SADA already implementing '1 village, 1 dam' policy – Mahama

General News of Wednesday, 7 September 2016

Source: classfmonline.com

2016-09-07

John Mahama Paul AdomPaul Adom Otchere interviews President John Mahama

Farming villages in the three regions up north: Northern, Upper West and Upper East, are already being given dugouts by the Savannah Accelerated Development Authority (SADA) to serve irrigation purposes, President John Mahama has said.

In his view, therefore, the promise made by his arch rival in the December polls, Nana Akufo-Addo, to provide every farming village in northern Ghana with an irrigation dam is not new.

“What we call a dam in the north is a dugout and every village has a dug-out, it’s a pond, we used to drink from it in the north when there was no water. But now that most of the communities have water the dug-outs are used for livestock watering.

“If he is talking about dug-outs, SADA is doing dugouts for villages. The problem we face now is not the dug-outs; its de-silting them. Most of the dug-outs are silted. And, so, SADA is having a programme to de-silt the dug-outs so that they can accumulate more water for the cattle and other animals to be able to get water. So, the work that is going on in the north is massive and so if you come and say ‘one village, one dam’, you’ve really not said anything;” Mahama told Paul Adom-Otchere on Metro TV’s Good Evening Ghana programme on Tuesday September 6.
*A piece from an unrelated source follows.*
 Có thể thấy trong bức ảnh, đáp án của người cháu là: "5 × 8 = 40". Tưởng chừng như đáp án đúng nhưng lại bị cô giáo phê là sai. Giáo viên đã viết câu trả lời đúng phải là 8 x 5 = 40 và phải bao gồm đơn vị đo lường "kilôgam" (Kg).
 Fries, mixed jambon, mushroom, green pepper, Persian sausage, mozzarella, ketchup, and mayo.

Apart from the ‘1 village, 1 dam’ policy, Nana Akufo-Addo has also promised to build a factory in all 216 districts in the country. But Mr Mahama has poured water on that as well. “In the free school programme, when you came down to the figures and the nitty-gritty, he found it very difficult to explain. It is the same thing that is happening here. You just throw out a promise that is yesterday’s campaigning in those days, my father’s time. You just throw out something and people just pick it: ‘one village, one dam’, they don’t know if it is a dug-out or a barrage dam or a proper irrigation dam, they don’t know. But then just that you say ‘one village, one dam’, ‘one village, one factory’, what kind of factory? Is it a car assembling plant? Is it the kind of factories that we know? Is it electronic appliances, textiles and garments or small and medium enterprises? If it is small that is happening already. If you talk about those factories, people’s perceptions of factories differ. He has to clarify,” he said.

“This thing about one factory per district came up under the rural enterprise project. It’s not a new idea; it’s a very old idea. If you are talking about small and medium enterprises, like gari making factories, small processing companies, and the use of gratis machines, that is happening already. So the promises are not new,” he added.